You are viewing a plain text version of this content. The canonical link for it is here.
Posted to dev@lucy.apache.org by Nick Wellnhofer <we...@aevum.de> on 2016/06/01 15:04:08 UTC

Re: [lucy-dev] Separate binaries for test suites

On 26/05/2016 04:12, Marvin Humphrey wrote:
> With Python distutils as with Perl's Module::Build, it is at least
> theoretically possible to provide a list of object files to be linked into the
> host extension.

I'm leaning towards the "list of object files" approach for the Perl bindings. 
Unless static libraries are really used as intended, they seem to create more 
problems than they solve.

> But with CGO, I don't know how to do that.
>
> *   You can't tell the Go build system about a list of compiled object files.
> *   You can't tell CGO about arbitrary directories full of C files to compile.
> *   You *can* put loose C files into the package directory, but only that one
>     dir -- nested dirs aren't allowed.
> *   You *can* hack in linker instructions using pseudo `#cgo` directives.
>     https://golang.org/cmd/cgo/#hdr-Using_cgo_with_the_go_command
>
> We're currently using the last option to tell CGO about the static archive
> built using Charmonizer/Make.

Another solution is to add fake references to object files that aren't picked 
up when linking with the static library. The only problematic file for me was 
TestUtils.o. Object files for non-inert classes are always referenced by the 
generated binding code. For inert classes, this could even be automated by 
adding a reference to any symbol of an inert class somewhere in the generated 
code. This leaves non-Clownfish source files (stuff like LFReg) that aren't 
used by the parcel itself which should be a rare case.

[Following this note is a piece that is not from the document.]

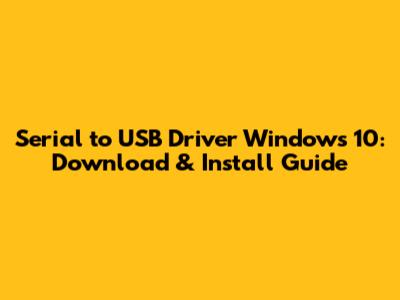 Serial To USB Driver Windows 10: Download & Install Guide

>> What about code like `xs/XSBind.c`? Should it be compiled by the host, too?
>
> Yes, IMO -- it's hard to handle otherwise because you have to know about
> installation-specific include dirs and the like.

OK.

Nick


Re: [lucy-dev] Separate binaries for test suites

Posted by Marvin Humphrey <ma...@rectangular.com>.
On Tue, Jun 14, 2016 at 5:28 AM, Nick Wellnhofer <we...@aevum.de> wrote:
> On Jun 8, 2016, at 03:02 , Marvin Humphrey <ma...@rectangular.com> wrote:
>>
>> Over time, we should try to make decisions that consolidate as much of build
>> code as possible in a shared central system (i.e. charmonizer/make for the
>> foreseeable future).  Even if that code eventually gets refactored, it's only
>> one task to refactor it, as opposed to N tasks to refactor code in N hosts.
>
> Originally, I didn’t want to make Charmonizer a hard requirement but I’m
> willing to give that up, at least for now.

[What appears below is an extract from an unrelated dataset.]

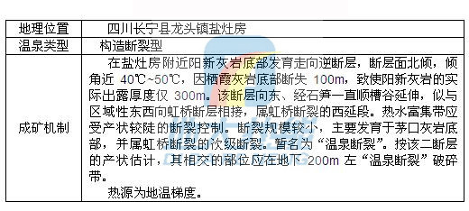 四川長寧竹海溫泉風景竹海溫泉位于四川長寧縣龍頭鎮(zhèn)鹽灶房,因溫泉水水溫達39.5℃,富含微量元素和特殊的氣體組分,可定名為硫化氫礦泉,浴用具有特殊醫(yī)療效果,屬發(fā)展溫泉旅游業(yè)的寶貴資源。1994年7月在溫泉旁的長寧化工廠施工1#及2#供水孔時,意外地在1#孔60m深處揭露熱水,水溫達38.5e,估計流量約2000m3/d。1996年7月在根據(jù)熱異常及放射性r異常確定的3#孔位處,于80m深處又鉆遇42℃熱水。

I hear you.  As Charmonizer has expanded a bit, I've been reminded of the old
Larry Wall chestnut, "It's easier to port a shell than a shell script."

What's more important than Charmonizer's implementation are satisfying the
requirements of not imposing any prerequisites (e.g. Unix shell) to run
configuration probing of a C compilation environment, nor any build tool
outside of what the host language environment provides.  But I figure that
means for the time being, it's impractical to work with anything except
bundle-able, portable Charmonizer.

>> I would say tests in a separate binary.  For example, under the Perl bindings
>> the core tests for Lucy would be run from a separate XS module (Lucy::CFTest?
>> LucyCFTest? CFTest?) which has a dependency on the main Lucy XS module.
>
> Maybe we should keep the Lucy::Test convention?

After a bit of reflection: +1

I think that means also that *::Test is reserved for any Clownfish parcel.

Marvin Humphrey

Re: [lucy-dev] Separate binaries for test suites

Posted by Nick Wellnhofer <we...@aevum.de>.
On Jun 8, 2016, at 03:02 , Marvin Humphrey <ma...@rectangular.com> wrote:
> 
> Over time, we should try to make decisions that consolidate as much of build
> code as possible in a shared central system (i.e. charmonizer/make for the
> foreseeable future).  Even if that code eventually gets refactored, it's only
> one task to refactor it, as opposed to N tasks to refactor code in N hosts.

Originally, I didn’t want to make Charmonizer a hard requirement but I’m willing to give that up, at least for now.

> I would say tests in a separate binary.  For example, under the Perl bindings
> the core tests for Lucy would be run from a separate XS module (Lucy::CFTest?
> LucyCFTest? CFTest?) which has a dependency on the main Lucy XS module.

Maybe we should keep the Lucy::Test convention?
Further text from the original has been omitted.